[ABOUT THIS TASK]
Produce an exact transcription of the listing below, omitting the pictures.

[EXCERPTED DATA]
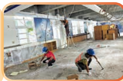
▲拔除拆除地面地板後殘留的釘子
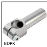
BDPR Braccio di reazione, Rigido
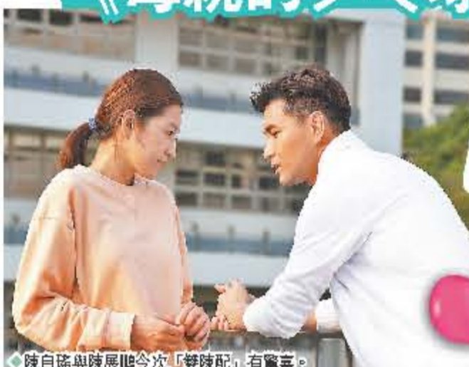
陳自瑤與陳展鵬今次「雙陳配」有驚喜。
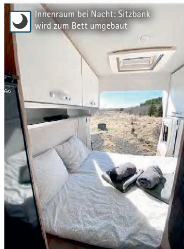
Innenraum bei Nacht: Sitzbank wird zum Bett umgebaut

Kategorie X13 bietet ein festes Bett im Heck und nach kurzem Umbau ein weiteres Bett im vorderen Bereich. Dusche/WC sind vorhanden.
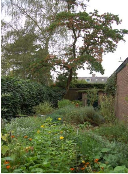
Foto Kloostertuin, plaats van de V1-bominslag

[RESPONSE FOR THIS EXERCISE]
▲拔除拆除地面地板後殘留的釘子
BDPR Braccio di reazione, Rigido
陳自瑤與陳展鵬今次「雙陳配」有驚喜。
Innenraum bei Nacht: Sitzbank wird zum Bett umgebaut

Kategorie X13 bietet ein festes Bett im Heck und nach kurzem Umbau ein weiteres Bett im vorderen Bereich. Dusche/WC sind vorhanden.
Foto Kloostertuin, plaats van de V1-bominslag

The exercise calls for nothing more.